How to complete this task: Reproduce, word for word, the lines in the material below starting with the one that has "В Саратове автобусы" and going on through the one that has "전통문화 체험과 지역". Leave out all pictures.

Data for the task:

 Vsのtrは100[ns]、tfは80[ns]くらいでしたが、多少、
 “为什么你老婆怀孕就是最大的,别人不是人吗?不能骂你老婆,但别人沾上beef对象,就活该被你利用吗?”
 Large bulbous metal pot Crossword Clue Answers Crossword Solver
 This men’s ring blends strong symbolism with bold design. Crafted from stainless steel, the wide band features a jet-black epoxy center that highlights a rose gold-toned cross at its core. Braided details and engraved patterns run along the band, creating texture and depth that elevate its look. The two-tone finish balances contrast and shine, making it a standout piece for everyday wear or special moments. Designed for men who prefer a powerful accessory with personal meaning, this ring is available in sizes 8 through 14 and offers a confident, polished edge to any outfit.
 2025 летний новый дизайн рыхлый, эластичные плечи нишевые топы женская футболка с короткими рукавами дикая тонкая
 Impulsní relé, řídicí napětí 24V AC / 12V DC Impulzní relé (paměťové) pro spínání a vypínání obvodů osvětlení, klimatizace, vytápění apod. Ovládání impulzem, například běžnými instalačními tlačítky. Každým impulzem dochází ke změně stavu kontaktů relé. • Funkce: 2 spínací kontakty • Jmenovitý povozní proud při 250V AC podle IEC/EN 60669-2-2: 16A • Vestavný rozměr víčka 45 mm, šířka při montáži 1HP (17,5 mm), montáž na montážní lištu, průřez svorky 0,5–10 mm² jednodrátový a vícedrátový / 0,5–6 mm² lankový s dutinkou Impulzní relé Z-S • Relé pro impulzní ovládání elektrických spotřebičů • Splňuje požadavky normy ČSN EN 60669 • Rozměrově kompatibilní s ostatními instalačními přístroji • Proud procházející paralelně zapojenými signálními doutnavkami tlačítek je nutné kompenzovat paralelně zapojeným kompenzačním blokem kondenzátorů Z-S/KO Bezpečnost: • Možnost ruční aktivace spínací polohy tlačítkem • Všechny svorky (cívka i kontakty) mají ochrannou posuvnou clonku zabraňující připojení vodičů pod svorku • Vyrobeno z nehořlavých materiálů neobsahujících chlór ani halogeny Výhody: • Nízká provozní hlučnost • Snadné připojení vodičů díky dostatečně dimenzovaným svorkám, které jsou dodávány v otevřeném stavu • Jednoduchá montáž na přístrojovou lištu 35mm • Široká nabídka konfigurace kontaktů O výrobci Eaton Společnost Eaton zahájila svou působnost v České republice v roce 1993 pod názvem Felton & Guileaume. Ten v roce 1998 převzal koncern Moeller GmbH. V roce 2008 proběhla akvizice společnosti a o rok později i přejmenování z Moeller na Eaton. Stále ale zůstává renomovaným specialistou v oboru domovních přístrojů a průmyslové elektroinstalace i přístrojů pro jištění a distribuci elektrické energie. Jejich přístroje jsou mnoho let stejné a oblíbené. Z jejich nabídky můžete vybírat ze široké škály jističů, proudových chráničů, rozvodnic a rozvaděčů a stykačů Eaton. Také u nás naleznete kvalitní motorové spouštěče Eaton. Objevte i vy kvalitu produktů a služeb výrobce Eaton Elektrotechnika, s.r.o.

...

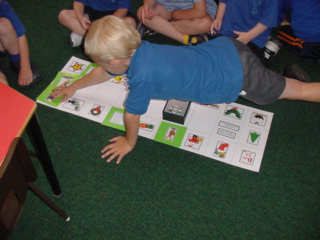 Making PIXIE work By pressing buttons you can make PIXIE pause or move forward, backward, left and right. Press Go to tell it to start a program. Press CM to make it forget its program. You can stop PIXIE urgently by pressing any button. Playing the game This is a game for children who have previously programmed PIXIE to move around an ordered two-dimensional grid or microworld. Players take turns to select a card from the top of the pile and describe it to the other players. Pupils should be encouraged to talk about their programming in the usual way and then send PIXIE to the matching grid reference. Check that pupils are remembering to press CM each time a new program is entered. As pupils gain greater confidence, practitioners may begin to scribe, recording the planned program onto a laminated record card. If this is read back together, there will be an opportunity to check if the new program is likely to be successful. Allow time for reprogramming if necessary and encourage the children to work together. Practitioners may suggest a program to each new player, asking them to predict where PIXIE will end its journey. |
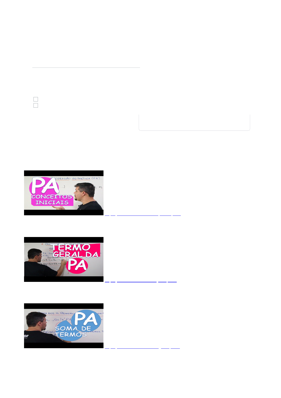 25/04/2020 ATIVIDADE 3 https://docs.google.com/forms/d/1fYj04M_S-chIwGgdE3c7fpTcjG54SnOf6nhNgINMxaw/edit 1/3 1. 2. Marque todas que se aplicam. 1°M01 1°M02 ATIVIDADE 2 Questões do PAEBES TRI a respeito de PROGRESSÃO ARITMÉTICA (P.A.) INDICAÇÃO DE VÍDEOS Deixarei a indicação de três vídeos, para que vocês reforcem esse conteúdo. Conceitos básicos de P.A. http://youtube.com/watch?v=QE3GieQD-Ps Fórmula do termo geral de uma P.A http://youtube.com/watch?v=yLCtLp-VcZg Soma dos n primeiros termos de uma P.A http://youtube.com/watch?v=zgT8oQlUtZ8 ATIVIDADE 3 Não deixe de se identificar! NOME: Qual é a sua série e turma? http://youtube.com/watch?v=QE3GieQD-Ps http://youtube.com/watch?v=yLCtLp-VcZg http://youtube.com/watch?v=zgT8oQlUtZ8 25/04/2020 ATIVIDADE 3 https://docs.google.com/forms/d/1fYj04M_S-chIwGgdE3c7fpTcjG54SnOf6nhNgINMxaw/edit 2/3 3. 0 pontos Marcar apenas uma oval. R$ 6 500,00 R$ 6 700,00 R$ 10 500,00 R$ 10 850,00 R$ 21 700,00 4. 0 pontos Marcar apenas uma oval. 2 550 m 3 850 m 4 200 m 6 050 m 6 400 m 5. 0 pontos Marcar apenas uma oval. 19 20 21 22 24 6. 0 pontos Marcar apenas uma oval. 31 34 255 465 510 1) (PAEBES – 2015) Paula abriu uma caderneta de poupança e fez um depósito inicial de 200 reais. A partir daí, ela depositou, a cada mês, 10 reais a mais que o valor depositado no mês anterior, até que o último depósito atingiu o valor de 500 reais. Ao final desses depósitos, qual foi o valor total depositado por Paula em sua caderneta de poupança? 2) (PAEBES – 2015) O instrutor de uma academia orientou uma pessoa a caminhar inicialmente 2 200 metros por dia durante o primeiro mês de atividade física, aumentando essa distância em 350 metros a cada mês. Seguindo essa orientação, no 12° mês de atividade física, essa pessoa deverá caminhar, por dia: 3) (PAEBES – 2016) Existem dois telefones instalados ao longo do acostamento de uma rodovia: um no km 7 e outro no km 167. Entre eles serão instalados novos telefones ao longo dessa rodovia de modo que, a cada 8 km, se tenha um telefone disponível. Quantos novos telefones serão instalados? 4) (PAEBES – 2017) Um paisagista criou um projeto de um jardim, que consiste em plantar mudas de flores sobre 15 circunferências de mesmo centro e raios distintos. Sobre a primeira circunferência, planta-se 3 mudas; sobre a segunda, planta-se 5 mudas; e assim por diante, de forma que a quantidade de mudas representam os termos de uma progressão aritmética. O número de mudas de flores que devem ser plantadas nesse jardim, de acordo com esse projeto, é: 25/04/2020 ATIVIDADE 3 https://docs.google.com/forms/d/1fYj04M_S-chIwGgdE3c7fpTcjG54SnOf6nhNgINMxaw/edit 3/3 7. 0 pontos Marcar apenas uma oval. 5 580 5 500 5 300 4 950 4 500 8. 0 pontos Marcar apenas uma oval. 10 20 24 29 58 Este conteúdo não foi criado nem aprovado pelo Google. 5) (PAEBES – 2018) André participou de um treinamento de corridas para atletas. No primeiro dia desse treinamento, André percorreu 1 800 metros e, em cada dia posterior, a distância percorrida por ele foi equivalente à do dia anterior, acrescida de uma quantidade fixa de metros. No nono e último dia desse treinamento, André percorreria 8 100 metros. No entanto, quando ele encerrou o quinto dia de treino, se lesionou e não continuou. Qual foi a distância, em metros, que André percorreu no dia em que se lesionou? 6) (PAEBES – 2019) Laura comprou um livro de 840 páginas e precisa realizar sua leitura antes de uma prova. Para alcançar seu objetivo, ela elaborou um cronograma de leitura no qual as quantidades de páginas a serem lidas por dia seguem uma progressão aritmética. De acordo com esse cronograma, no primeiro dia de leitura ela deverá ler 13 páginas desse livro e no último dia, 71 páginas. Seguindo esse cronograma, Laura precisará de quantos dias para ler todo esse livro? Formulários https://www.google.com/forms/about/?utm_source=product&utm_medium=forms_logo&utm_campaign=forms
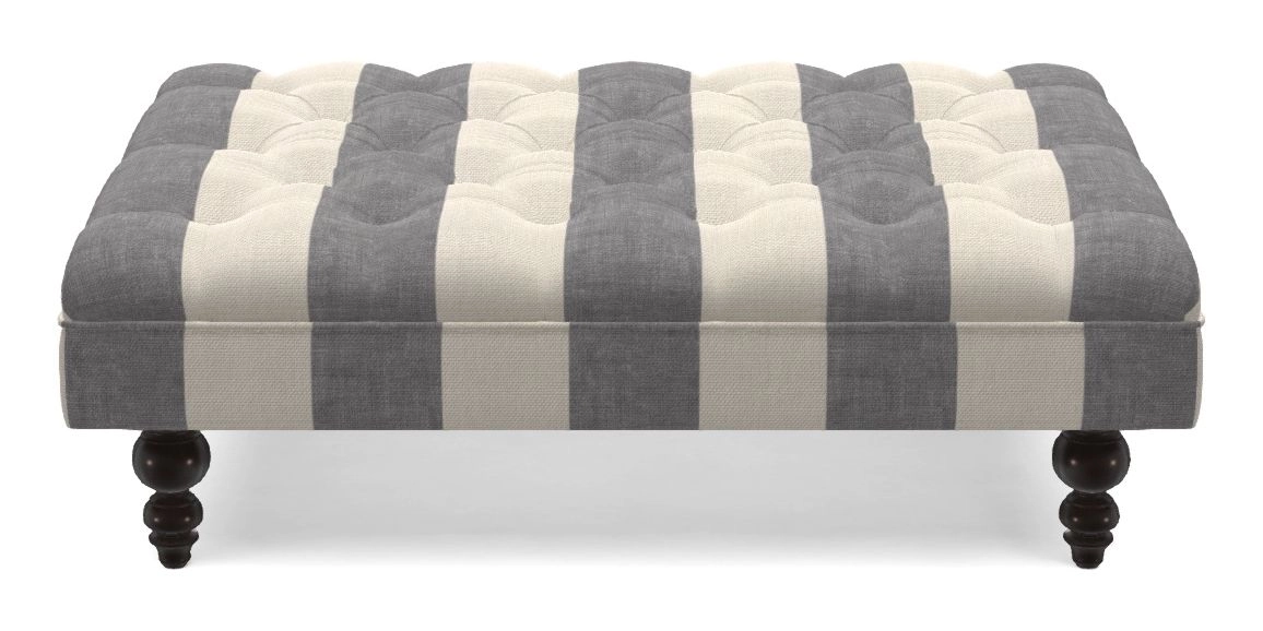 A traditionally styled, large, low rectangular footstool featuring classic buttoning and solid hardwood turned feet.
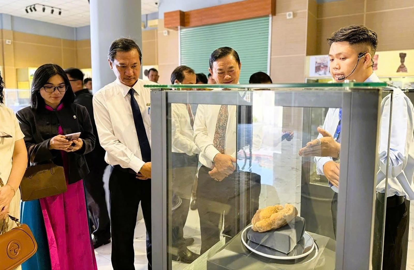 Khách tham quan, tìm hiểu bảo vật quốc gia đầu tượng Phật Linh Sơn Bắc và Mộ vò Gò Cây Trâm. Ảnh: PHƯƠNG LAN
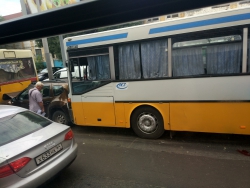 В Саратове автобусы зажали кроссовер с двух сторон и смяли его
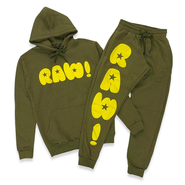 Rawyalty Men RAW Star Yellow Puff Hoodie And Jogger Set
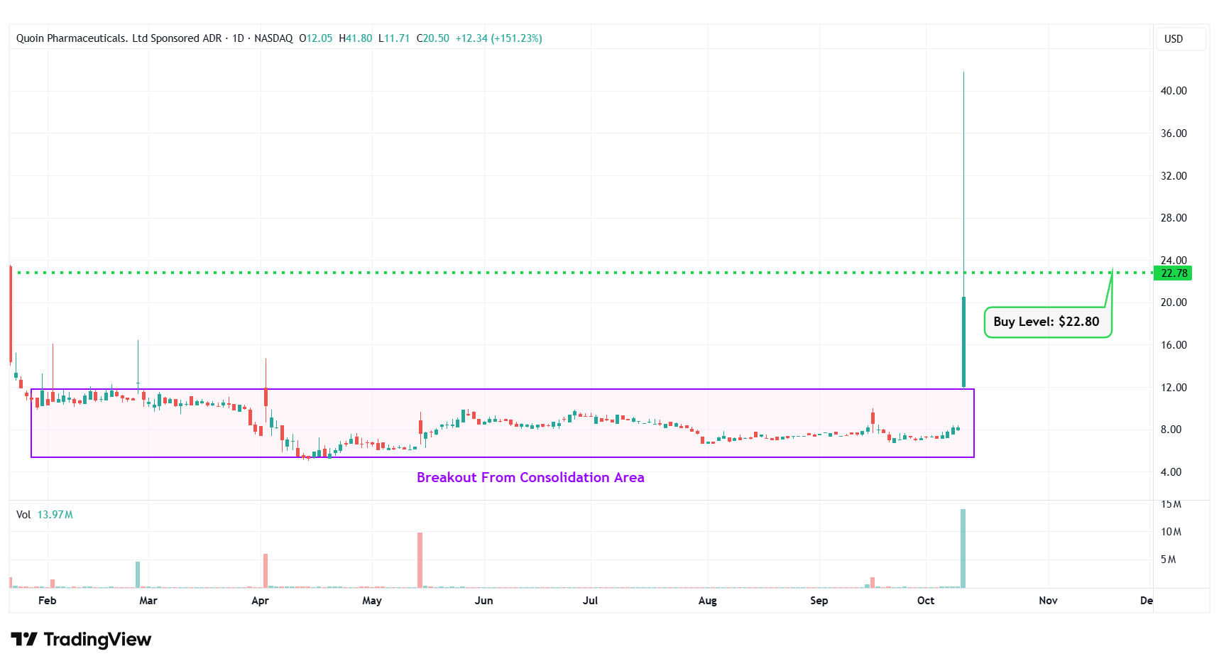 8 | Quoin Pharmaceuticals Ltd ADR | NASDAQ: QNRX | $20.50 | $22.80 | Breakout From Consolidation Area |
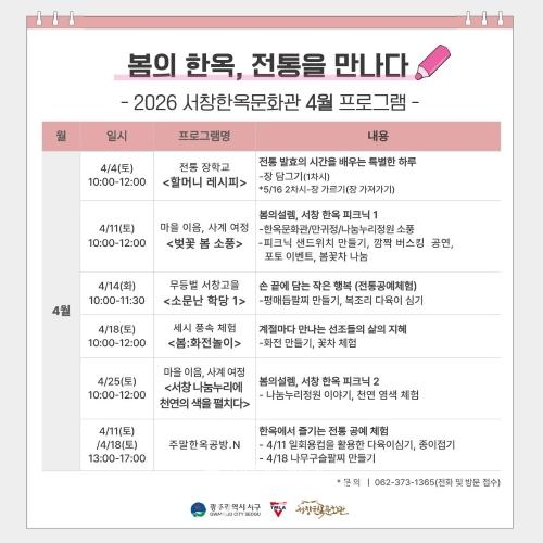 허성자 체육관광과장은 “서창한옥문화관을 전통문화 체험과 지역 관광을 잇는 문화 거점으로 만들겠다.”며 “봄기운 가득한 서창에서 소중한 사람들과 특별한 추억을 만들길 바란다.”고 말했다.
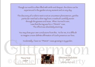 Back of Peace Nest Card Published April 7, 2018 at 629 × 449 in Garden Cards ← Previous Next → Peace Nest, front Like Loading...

==

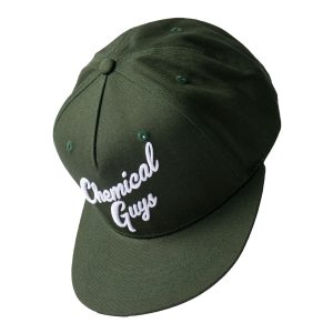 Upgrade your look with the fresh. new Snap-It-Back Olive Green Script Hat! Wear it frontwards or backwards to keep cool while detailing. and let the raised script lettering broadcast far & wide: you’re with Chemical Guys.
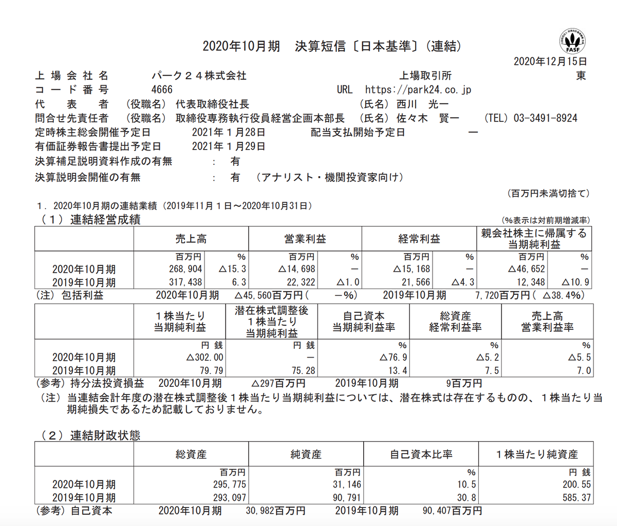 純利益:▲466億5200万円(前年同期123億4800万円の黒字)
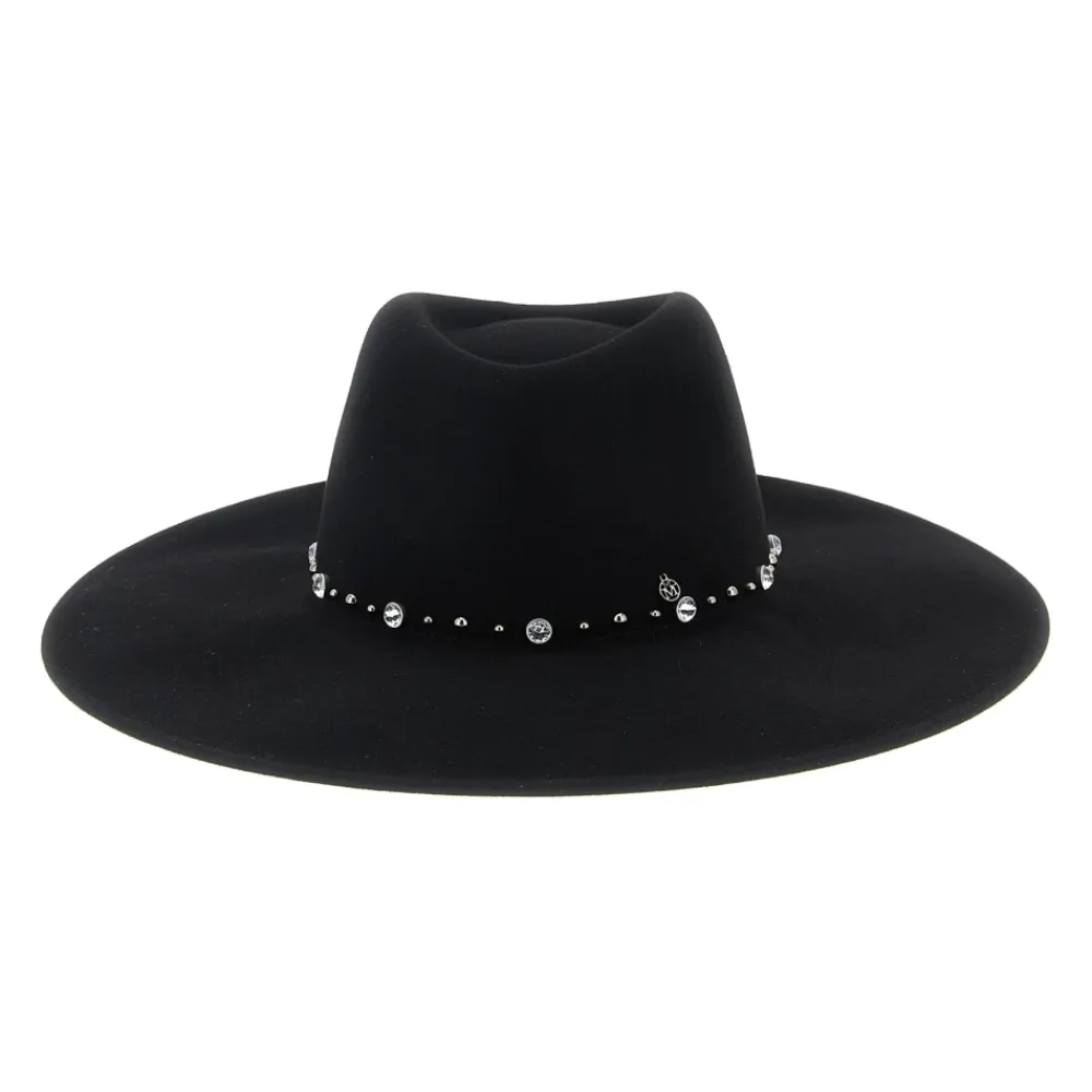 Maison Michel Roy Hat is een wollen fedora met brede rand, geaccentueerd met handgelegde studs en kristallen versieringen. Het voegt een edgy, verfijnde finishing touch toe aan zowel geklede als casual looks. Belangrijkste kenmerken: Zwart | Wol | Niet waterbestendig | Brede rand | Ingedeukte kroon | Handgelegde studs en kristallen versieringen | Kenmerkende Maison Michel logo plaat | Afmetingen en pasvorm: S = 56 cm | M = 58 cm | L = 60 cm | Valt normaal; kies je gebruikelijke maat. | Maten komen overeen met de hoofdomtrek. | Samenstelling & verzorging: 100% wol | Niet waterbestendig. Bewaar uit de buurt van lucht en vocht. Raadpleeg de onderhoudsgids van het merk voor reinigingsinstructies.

Task answer:
 В Саратове автобусы зажали кроссовер с двух сторон и смяли его
 Rawyalty Men RAW Star Yellow Puff Hoodie And Jogger Set
 8 | Quoin Pharmaceuticals Ltd ADR | NASDAQ: QNRX | $20.50 | $22.80 | Breakout From Consolidation Area |
 허성자 체육관광과장은 “서창한옥문화관을 전통문화 체험과 지역 관광을 잇는 문화 거점으로 만들겠다.”며 “봄기운 가득한 서창에서 소중한 사람들과 특별한 추억을 만들길 바란다.”고 말했다.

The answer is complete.